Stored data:

BEGIN

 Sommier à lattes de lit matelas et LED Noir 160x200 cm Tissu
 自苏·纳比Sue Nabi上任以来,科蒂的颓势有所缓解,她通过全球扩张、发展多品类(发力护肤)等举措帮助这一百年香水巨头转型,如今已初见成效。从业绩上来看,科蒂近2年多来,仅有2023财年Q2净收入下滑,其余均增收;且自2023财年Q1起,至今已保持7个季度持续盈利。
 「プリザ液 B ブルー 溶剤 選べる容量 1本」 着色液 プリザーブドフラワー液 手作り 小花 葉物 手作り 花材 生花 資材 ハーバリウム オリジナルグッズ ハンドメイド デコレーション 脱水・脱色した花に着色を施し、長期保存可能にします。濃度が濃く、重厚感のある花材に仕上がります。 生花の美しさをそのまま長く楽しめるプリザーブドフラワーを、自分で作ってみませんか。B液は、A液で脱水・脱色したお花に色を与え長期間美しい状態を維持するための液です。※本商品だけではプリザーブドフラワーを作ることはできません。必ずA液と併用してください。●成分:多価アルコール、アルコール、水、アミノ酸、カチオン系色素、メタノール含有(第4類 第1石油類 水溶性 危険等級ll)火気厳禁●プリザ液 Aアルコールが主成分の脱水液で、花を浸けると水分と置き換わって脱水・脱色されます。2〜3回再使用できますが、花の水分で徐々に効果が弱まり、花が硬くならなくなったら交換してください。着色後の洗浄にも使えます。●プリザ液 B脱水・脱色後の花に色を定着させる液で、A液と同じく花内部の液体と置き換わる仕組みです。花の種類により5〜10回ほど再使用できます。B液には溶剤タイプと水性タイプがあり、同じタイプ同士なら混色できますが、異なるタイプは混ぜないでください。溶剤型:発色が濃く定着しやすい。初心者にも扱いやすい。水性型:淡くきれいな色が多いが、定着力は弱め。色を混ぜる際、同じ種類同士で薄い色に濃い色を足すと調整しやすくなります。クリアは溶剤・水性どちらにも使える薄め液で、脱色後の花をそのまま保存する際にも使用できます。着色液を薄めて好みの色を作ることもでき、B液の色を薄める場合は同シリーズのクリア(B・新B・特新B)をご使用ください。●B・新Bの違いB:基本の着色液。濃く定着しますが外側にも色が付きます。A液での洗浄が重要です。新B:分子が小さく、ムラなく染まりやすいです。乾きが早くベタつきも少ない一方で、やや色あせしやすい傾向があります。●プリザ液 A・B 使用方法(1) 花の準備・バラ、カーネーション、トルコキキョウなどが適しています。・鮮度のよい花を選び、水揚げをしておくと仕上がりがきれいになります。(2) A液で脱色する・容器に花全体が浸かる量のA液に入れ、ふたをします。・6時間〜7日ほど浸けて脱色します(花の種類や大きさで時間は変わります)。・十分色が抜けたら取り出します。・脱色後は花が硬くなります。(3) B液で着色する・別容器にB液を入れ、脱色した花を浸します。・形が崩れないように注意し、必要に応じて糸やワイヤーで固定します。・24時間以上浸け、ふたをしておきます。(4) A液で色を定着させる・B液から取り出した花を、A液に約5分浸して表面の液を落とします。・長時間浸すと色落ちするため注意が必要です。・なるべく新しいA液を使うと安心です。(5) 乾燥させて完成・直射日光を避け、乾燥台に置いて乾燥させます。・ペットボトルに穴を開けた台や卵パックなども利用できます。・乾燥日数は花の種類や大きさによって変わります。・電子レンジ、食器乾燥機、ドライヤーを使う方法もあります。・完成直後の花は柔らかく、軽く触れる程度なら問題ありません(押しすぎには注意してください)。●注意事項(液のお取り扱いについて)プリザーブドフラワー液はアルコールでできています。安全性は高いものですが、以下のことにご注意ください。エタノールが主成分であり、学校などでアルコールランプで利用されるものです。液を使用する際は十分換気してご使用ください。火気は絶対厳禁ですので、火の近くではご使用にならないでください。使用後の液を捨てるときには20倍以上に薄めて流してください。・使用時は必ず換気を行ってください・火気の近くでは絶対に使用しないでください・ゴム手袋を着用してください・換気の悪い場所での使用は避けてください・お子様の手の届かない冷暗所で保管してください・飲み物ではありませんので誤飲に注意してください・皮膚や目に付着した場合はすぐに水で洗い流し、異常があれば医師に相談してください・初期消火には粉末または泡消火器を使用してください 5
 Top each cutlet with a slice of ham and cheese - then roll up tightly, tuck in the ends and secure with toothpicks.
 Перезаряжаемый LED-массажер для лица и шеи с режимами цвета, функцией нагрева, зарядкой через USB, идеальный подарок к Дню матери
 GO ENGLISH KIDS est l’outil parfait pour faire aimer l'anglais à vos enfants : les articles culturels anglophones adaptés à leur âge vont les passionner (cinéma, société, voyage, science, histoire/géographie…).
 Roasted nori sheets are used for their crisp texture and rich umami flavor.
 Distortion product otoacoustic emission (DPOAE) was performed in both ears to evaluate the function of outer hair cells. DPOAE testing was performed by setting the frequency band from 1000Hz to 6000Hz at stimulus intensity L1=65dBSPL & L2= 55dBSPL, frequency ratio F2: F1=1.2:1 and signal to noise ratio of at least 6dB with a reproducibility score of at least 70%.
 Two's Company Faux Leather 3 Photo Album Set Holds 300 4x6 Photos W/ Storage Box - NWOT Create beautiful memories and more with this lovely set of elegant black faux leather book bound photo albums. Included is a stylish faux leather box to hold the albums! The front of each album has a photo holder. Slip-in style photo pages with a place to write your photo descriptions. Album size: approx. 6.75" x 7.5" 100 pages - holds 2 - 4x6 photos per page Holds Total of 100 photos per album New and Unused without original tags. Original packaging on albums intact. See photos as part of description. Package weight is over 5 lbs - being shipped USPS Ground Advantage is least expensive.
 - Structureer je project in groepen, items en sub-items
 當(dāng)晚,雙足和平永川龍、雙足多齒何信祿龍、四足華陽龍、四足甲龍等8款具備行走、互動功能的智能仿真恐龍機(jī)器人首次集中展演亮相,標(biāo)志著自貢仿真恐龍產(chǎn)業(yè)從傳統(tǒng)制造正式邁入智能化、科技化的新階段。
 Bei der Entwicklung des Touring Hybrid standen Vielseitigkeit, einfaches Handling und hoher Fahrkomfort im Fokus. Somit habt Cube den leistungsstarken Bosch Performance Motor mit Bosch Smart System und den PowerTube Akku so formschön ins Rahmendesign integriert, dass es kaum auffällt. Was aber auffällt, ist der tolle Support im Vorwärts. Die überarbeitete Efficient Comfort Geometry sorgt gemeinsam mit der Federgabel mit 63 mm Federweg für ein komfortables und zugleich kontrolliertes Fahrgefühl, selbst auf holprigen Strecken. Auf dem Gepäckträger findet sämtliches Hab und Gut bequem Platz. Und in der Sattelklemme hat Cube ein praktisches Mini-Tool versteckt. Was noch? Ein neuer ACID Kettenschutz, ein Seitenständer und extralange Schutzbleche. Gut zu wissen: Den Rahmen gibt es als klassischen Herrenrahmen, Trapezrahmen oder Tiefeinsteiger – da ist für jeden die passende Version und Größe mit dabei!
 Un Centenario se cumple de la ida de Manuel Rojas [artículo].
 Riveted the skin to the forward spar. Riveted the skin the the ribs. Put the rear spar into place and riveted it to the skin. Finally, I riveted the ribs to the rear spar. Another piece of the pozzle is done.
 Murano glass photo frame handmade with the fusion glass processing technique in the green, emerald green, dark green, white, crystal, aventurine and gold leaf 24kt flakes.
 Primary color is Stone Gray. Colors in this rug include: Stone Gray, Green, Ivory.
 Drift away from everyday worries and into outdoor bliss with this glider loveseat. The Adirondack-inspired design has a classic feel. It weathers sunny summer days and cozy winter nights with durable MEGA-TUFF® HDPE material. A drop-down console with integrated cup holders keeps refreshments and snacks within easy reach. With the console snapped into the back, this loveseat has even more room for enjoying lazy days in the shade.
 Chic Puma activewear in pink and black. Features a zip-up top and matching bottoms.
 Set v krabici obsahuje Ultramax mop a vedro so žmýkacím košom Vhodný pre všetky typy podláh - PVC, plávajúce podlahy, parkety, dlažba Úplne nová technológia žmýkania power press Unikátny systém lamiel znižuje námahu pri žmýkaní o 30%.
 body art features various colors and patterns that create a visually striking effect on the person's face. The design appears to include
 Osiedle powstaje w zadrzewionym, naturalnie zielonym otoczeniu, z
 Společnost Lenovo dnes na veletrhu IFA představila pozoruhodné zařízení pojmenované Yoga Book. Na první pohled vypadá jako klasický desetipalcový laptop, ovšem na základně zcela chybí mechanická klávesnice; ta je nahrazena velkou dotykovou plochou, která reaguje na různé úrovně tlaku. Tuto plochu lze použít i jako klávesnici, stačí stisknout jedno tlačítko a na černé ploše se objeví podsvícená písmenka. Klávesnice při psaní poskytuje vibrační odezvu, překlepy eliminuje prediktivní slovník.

END

▸ **Exercise**: Return each line from the entries above that includes "least".

▸ **Exercise result**:
 Distortion product otoacoustic emission (DPOAE) was performed in both ears to evaluate the function of outer hair cells. DPOAE testing was performed by setting the frequency band from 1000Hz to 6000Hz at stimulus intensity L1=65dBSPL & L2= 55dBSPL, frequency ratio F2: F1=1.2:1 and signal to noise ratio of at least 6dB with a reproducibility score of at least 70%.
 Two's Company Faux Leather 3 Photo Album Set Holds 300 4x6 Photos W/ Storage Box - NWOT Create beautiful memories and more with this lovely set of elegant black faux leather book bound photo albums. Included is a stylish faux leather box to hold the albums! The front of each album has a photo holder. Slip-in style photo pages with a place to write your photo descriptions. Album size: approx. 6.75" x 7.5" 100 pages - holds 2 - 4x6 photos per page Holds Total of 100 photos per album New and Unused without original tags. Original packaging on albums intact. See photos as part of description. Package weight is over 5 lbs - being shipped USPS Ground Advantage is least expensive.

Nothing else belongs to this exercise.